Angular Gradient Sign Method: Uncovering Vulnerabilities in Hyperbolic Networks
Minsoo Jo 1, Dongyoon Yang 2, Taesup Kim 1
Published on arXiv
2511.12985
Input Manipulation Attack
OWASP ML Top 10 — ML01
Key Finding
AGSM reduces Poincaré ResNet-32 top-1 accuracy on CIFAR-100 to 13.93%, outperforming FGSM (19.67%) by exploiting angular perturbations in hyperbolic space.
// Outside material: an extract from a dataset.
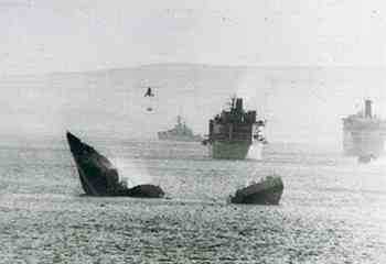 - ↑ Девять из них были сбиты «Харриерами», два — корабельными ЗРК, два — непосредственным огнём с кораблей, один — «Стингером» с земли. Согласно воспоминаниям Дж. Вудворда, особо отличился вольнонаёмный менеджер корабельного буфета «Ардента», ветеран британской армии Джон Лик. В момент, когда корабль был охвачен пламенем, а расчёт зенитного автоматического орудия погиб, он пробрался к орудию и открыл огонь, подбив «Скайхок», который позже разбился при вынужденной посадке.

AGSM (Angular Gradient Sign Method)
Novel technique introduced
Adversarial examples in neural networks have been extensively studied in Euclidean geometry, but recent advances in \textit{hyperbolic networks} call for a reevaluation of attack strategies in non-Euclidean geometries. Existing methods such as FGSM and PGD apply perturbations without regard to the underlying hyperbolic structure, potentially leading to inefficient or geometrically inconsistent attacks. In this work, we propose a novel adversarial attack that explicitly leverages the geometric properties of hyperbolic space. Specifically, we compute the gradient of the loss function in the tangent space of hyperbolic space, decompose it into a radial (depth) component and an angular (semantic) component, and apply perturbation derived solely from the angular direction. Our method generates adversarial examples by focusing perturbations in semantically sensitive directions encoded in angular movement within the hyperbolic geometry. Empirical results on image classification, cross-modal retrieval tasks and network architectures demonstrate that our attack achieves higher fooling rates than conventional adversarial attacks, while producing high-impact perturbations with deeper insights into vulnerabilities of hyperbolic embeddings. This work highlights the importance of geometry-aware adversarial strategies in curved representation spaces and provides a principled framework for attacking hierarchical embeddings.
Key Contributions
- Identifies that conventional adversarial attacks (FGSM, PGD) are geometry-agnostic and suboptimal for hyperbolic networks, with radial perturbations having near-zero impact on accuracy while angular perturbations are semantically destructive.
- Proposes AGSM (Angular Gradient Sign Method), which decomposes the loss gradient in hyperbolic tangent space into radial and angular components and applies perturbations exclusively along the angular (semantic) direction.
- Empirically demonstrates that AGSM achieves higher fooling rates than FGSM and PGD on both hyperbolic image classification (CIFAR-100) and cross-modal retrieval tasks.
🛡️ Threat Analysis
AGSM is a gradient-based adversarial example attack at inference time, crafting inputs that cause misclassification in hyperbolic networks by exploiting the angular component of the loss gradient in tangent space — a direct extension of FGSM/PGD adapted for non-Euclidean geometry.